職場である飲食店で、酔った若い女性のお客様が食べながら寝てしまっているのを見て、とても可愛いなぁとほっこりしていた。その隣り座っている彼女の母親らしき人が茶々を入れて愛おしそうに笑っていた。その関係性が素直にとても羨ましいなぁと思い、気づいたら涙がこぼれていた。マスクをしていたから多分女将にもバレなかっただろう。本当に助かった。
仕事終わりにふと本屋に立ち寄りたくなり、目当ての本を探していたのだがなかなか見つからず、ふと目に入った本を手に取る。内容は読まずとも、何か自分の中にヒントが立ち上がりそうな感覚だった。が、あと少し惜しいような感覚もあった。
その本の中に同じ著者の別の書籍を勧める小さな白黒の広告が入っていた。これにピン!ときた。しかし、似たような書籍なのに近くを探してもなかなか見つからない。

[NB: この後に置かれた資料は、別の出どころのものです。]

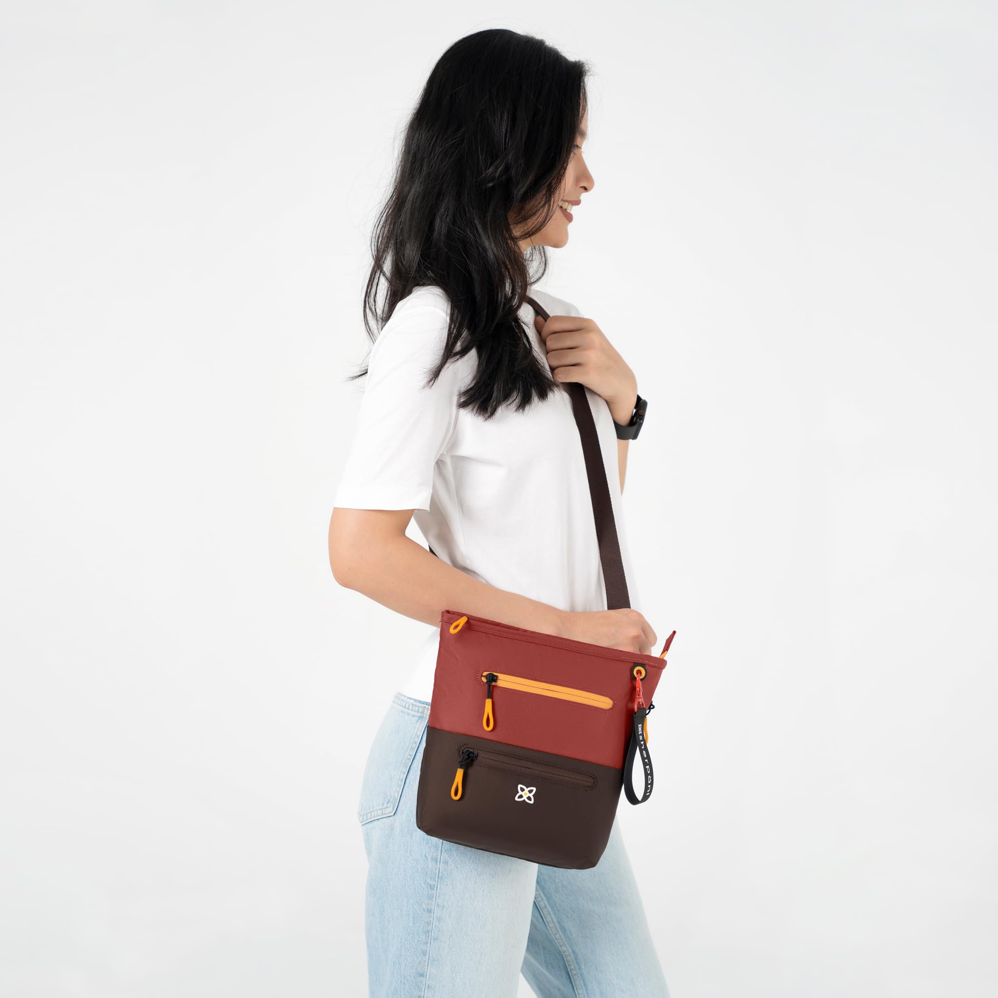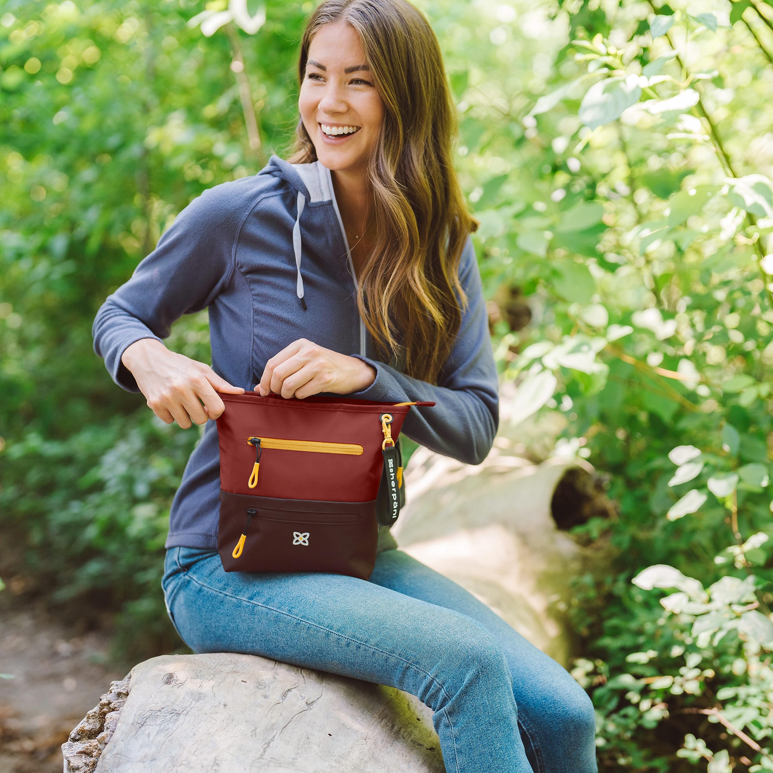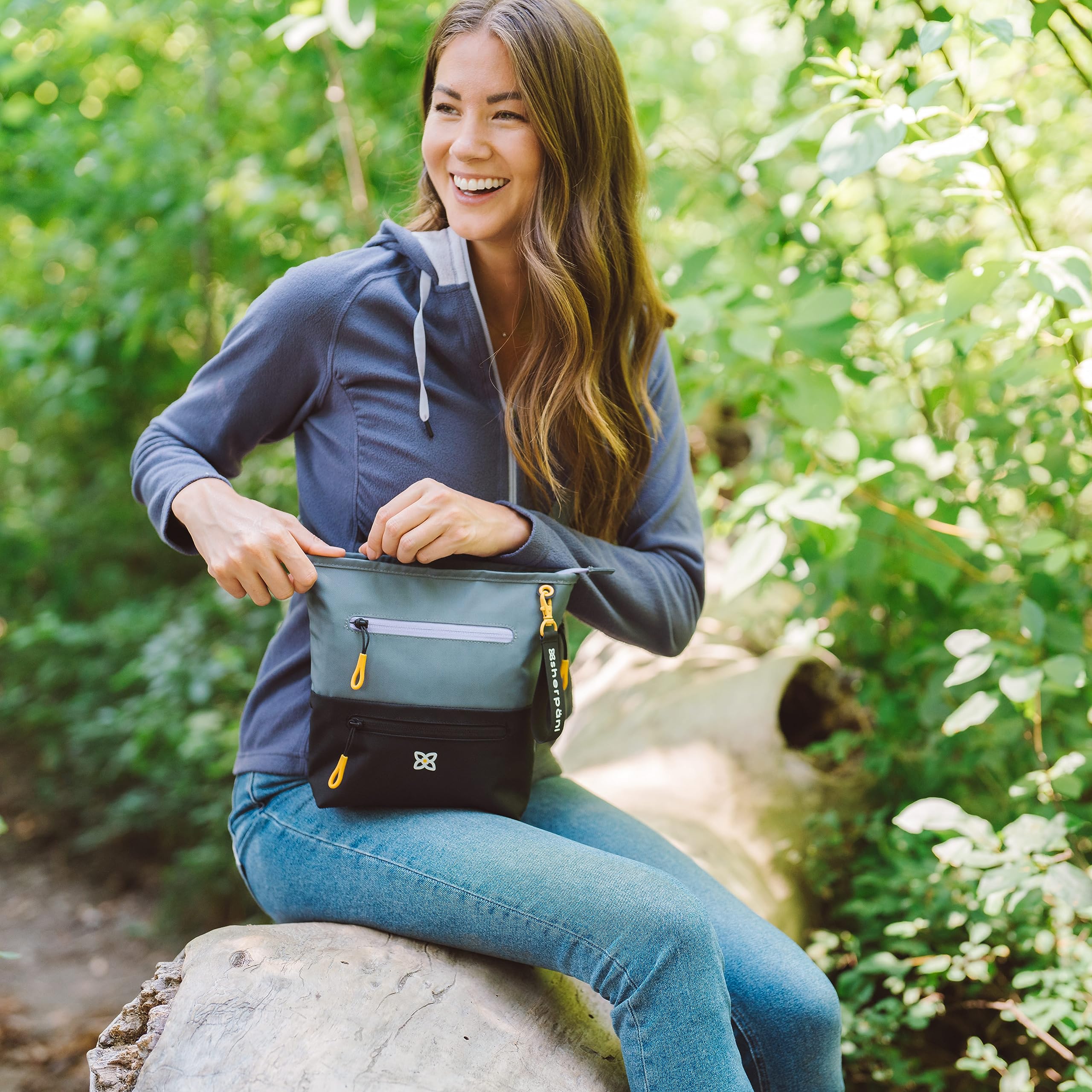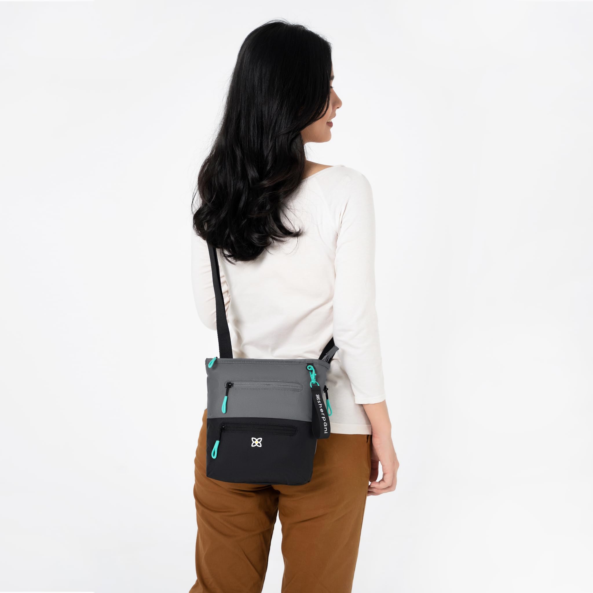 This mighty, medium size crossbody is ready for your most active days. The Sadieâ??s six pockets help keep your phone, keys, wallet, and other daily essentials organized. Made from 100% recycled fabric, the Sadie defines feel-good functionality.

ぐるぐるとディスプレイを周回し、脇にあった本棚の1番下の段が何か臭う気がしてふと目をやると、目当ての本が2冊、寄り添って置いてあった。そのうちの1冊を手にした瞬間、何故か涙が止まらなくなった。著者の経歴を見てその理由が分かった気がした。私はこの本に出会うために、このもどかしくスッキリしない3年間があったのかも知れないと感じた。どうにもならない気持ちを一気に楽しみながら出力するために、今日の柔らかい感性があったのかも知れない。嬉しくて嬉しくて、その本を抱きしめながら、溢れる涙を抑えきれず、マスクの下で泣きながら帰宅した。